_DATA FOR ANALYSIS_:

::::::::::

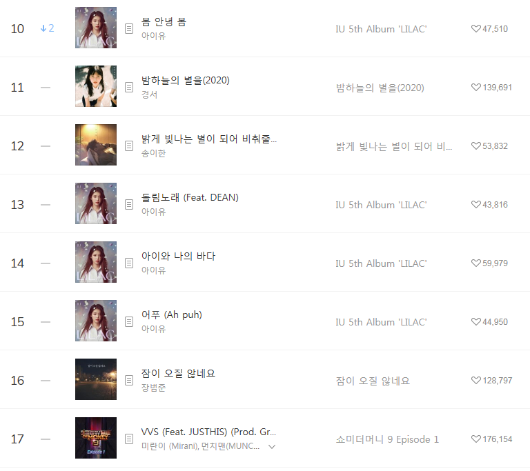[2021년4월2일]멜론일간차트 TOP17, 1위-아이유 라일락(IU/LILAC/듣기/가사/동영상) 본문
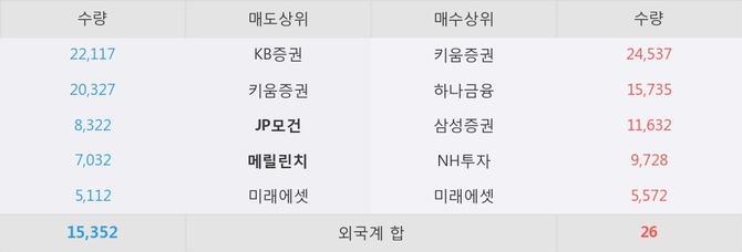 거래원 동향은 JP모건, 메릴린치, 미래에셋 등이 매도 상위 목록에 위치하고 있다.
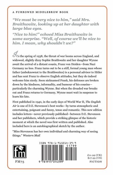 "We must be very nice to him," said Mrs. Braithwaite, looking up at her daughter with large blue eyes. "Nice to him!" echoed Miss Braithwaite in some surprise. "Well, of course we'll be nice to him. I mean, why shouldn't we?" It's the spring of 1938, the threat of war looms across England, and widowed, slightly dizzy Sophie Braithwaite and her daughter Wynne await the arrival of a distant cousin, Franz von Heiden-from Nazi Germany no less. Franz turns out to be a stiff, formal young man whose father (unbeknownst to the Braithwaites) is a personal advisor to Hitler and has sent Franz to observe English attitudes, but they do indeed welcome him nicely. Soon nicknamed Frank, his defenses are broken down by the kindness, informality, and humour of his cousins-particularly the charming Wynne. But when the dreaded war breaks out and Franz returns to Germany, Wynne must wait in suspense to learn his fate. First published in 1940, in the early days of World War II, The English Air is one of D.E. Stevenson's best works-by turns atmospheric and entertaining, poignant and funny, tense and romantic. This new edition includes letters-never previously published-between D.E. Stevenson and her publishers, which provide a striking glimpse of the historic moment at which the novel was first written and published. Also included here is an autobiographical sketch by the author. "Miss Stevenson has her own individual and charming way of seeing things." Western Mail
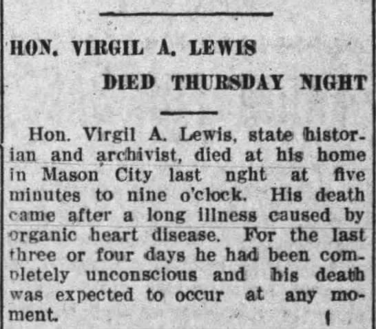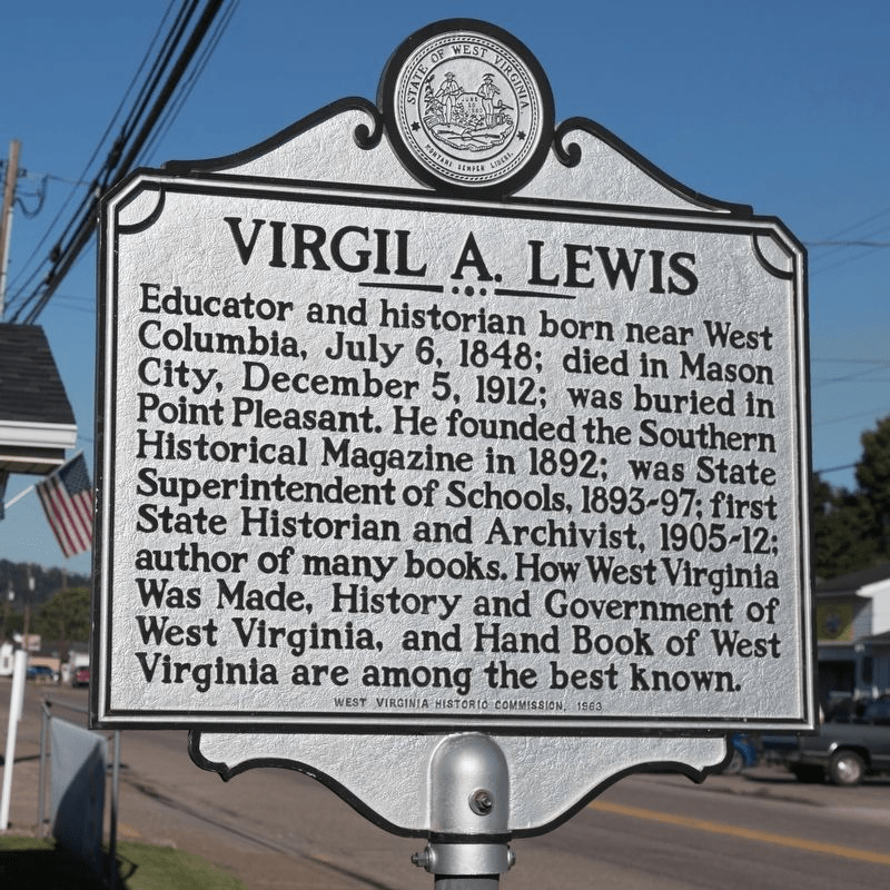 Death and Legacy: Lewis died in 1912 and was buried at Lone Oak Cemetery in Point Pleasant, West Virginia.[4] His papers are held by Marshall University[5] and by West Virginia University.[6] His former home in Mason City, now known as the Shumaker-Lewis House, was placed on the National Register of Historic Places in 1979. The West Virginia Historical Society’s Virgil A. Lewis Award is named in his honor.
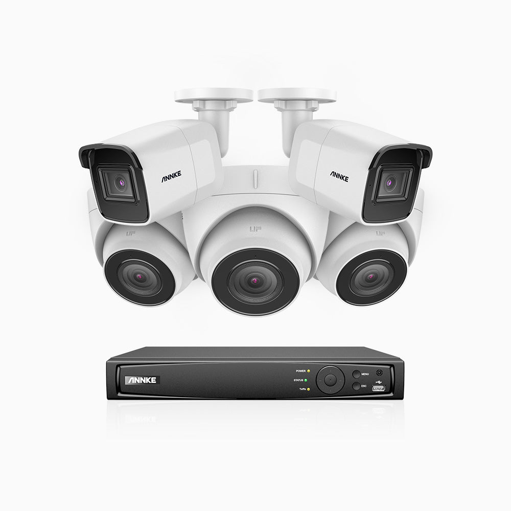 H800 - Kit de vigilancia PoE 4K con 2 cámaras bullet y 3 cámaras domo y videograbador NVR de 8 canales, Visión nocturna a color e infrarrojos, detección de humanos y vehículos, micrófono integrado, ángulo de visión 96º
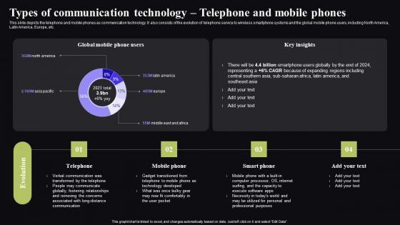This slide depicts the telephone and mobile phones as communication technology. It also consists of the evolution of telephone service to wireless smartphone systems and the global mobile phone users, including North America, Latin America, Europe, etc. Present like a pro with Types Of Communication Technology Telephone And Mobile Phones Structure Pdf Create beautiful presentations together with your team, using our easy to use presentation slides. Share your ideas in real time and make changes on the fly by downloading our templates. So whether you are in the office, on the go, or in a remote location, you can stay in sync with your team and present your ideas with confidence. With Slidegeeks presentation got a whole lot easier. Grab these presentations today. This slide depicts the telephone and mobile phones as communication technology. It also consists of the evolution of telephone service to wireless smartphone systems and the global mobile phone users, including North America, Latin America, Europe, etc.
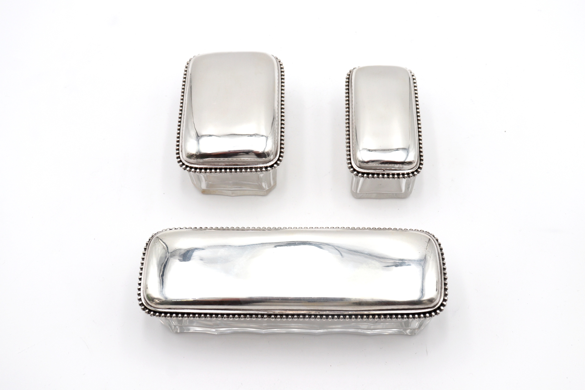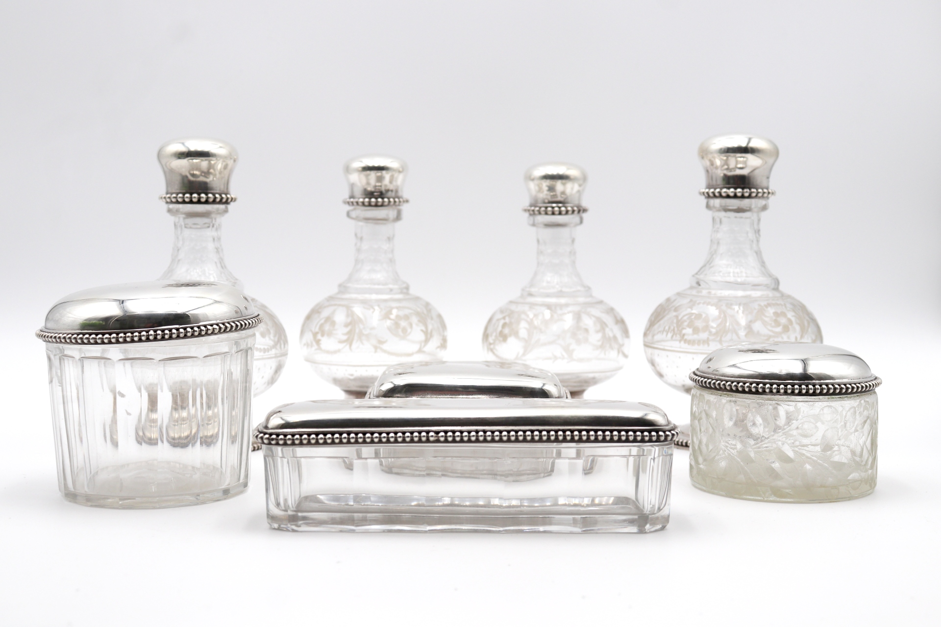 Conjunto de toilette em vidro gravado e tampas em prata com friso perlado
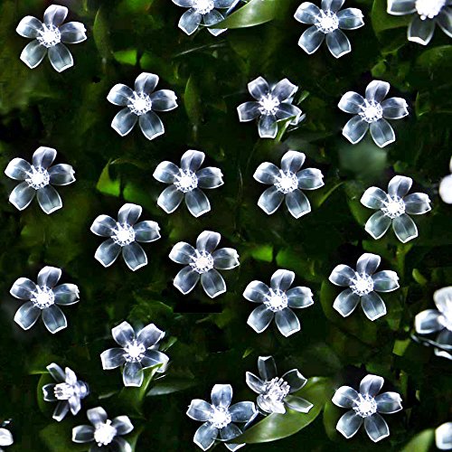 Via: LE® Solar Flower Fairy String Lights 50 LEDs 16.5ft , Waterproof, Daylight White, Portable, Blossom Fairy Christmas Lights with Light Sensor, Outdoor and Indoor Use, Ideal for Wedding, Party, Halloween Lights Decoration
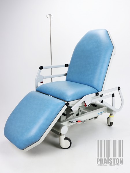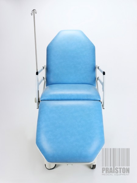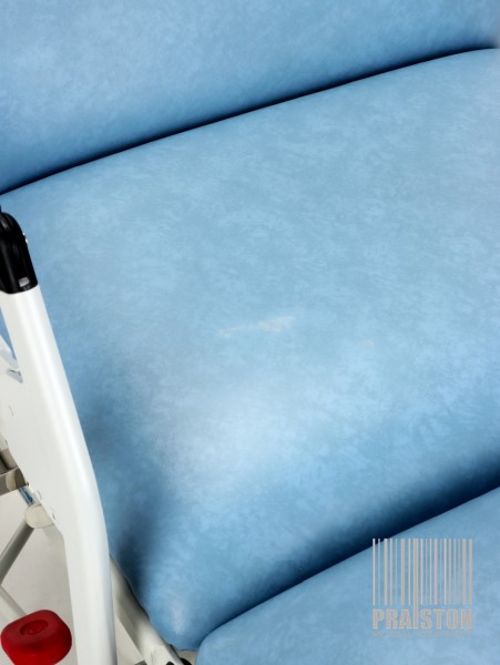 - Tapicerka z atestem medycznym w kolorze niebieskim ze śladami użytkowania w postaci przebarwienia na siedzisku oraz niewielkiego przetarcia (możliwość wymiany tapicerki na nową, z naszego wzornika kolorów za dodatkową opłatą),
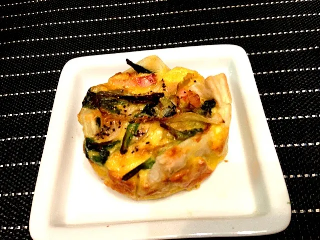 ライスペーパーを使ったほうれん草とベーコンのキッシュ
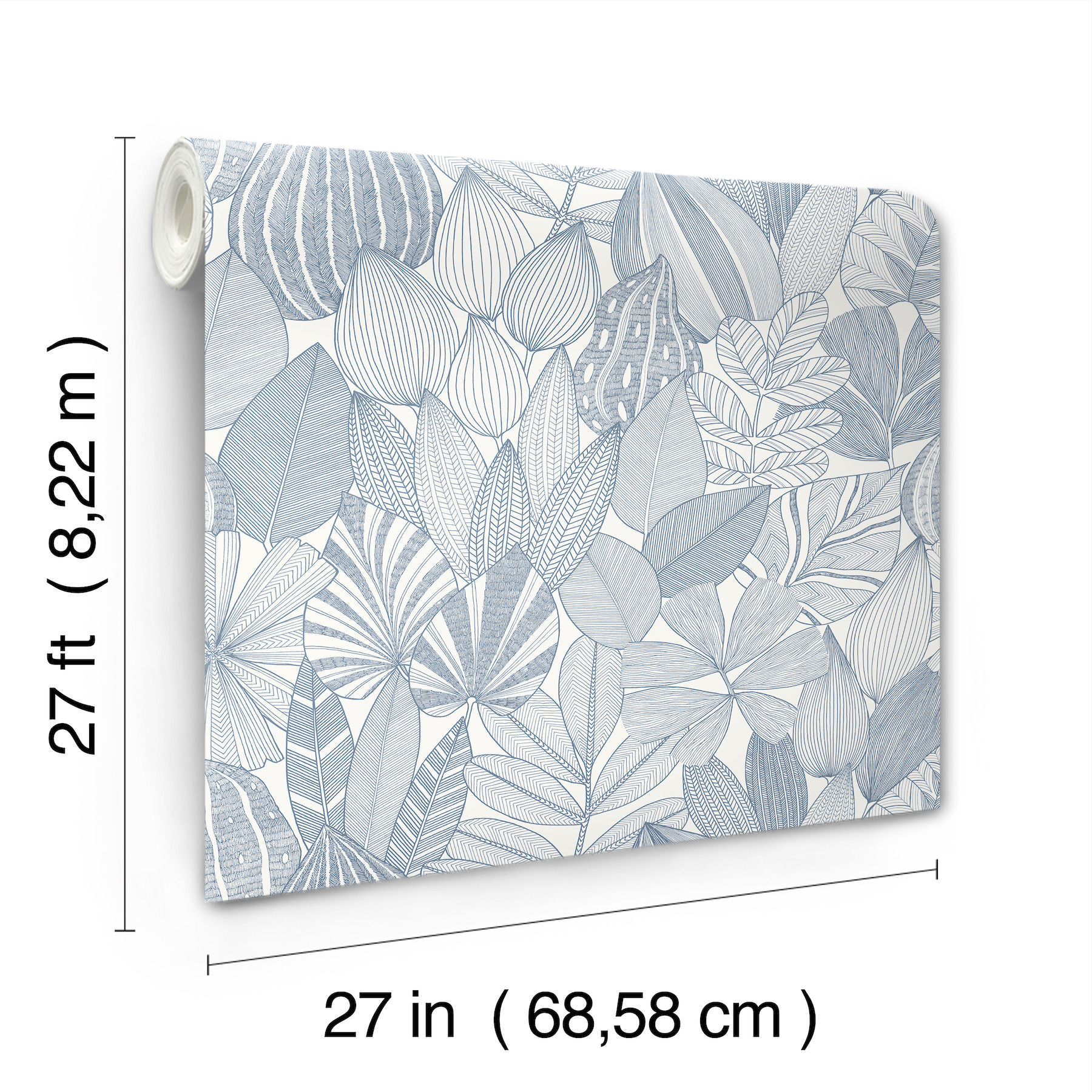 Intricate linework brings lively energy to an array of woodland plants in this chic botanical design. Illustrated in blue ink against cool white. Mathias is an unpasted, non woven wallpaper measuring 27 inches wide by 27 feet long, covering approximately About 60.8 square feet square feet per roll.

::::::::::

_YOUR OBJECTIVE_:
Leave out the pictures, and write out exactly the lines from the one containing "Conjunto de toilette" through the last line of the listing, both included.

_ANSWER_:
 Conjunto de toilette em vidro gravado e tampas em prata com friso perlado
 Via: LE® Solar Flower Fairy String Lights 50 LEDs 16.5ft , Waterproof, Daylight White, Portable, Blossom Fairy Christmas Lights with Light Sensor, Outdoor and Indoor Use, Ideal for Wedding, Party, Halloween Lights Decoration
 - Tapicerka z atestem medycznym w kolorze niebieskim ze śladami użytkowania w postaci przebarwienia na siedzisku oraz niewielkiego przetarcia (możliwość wymiany tapicerki na nową, z naszego wzornika kolorów za dodatkową opłatą),
 ライスペーパーを使ったほうれん草とベーコンのキッシュ
 Intricate linework brings lively energy to an array of woodland plants in this chic botanical design. Illustrated in blue ink against cool white. Mathias is an unpasted, non woven wallpaper measuring 27 inches wide by 27 feet long, covering approximately About 60.8 square feet square feet per roll.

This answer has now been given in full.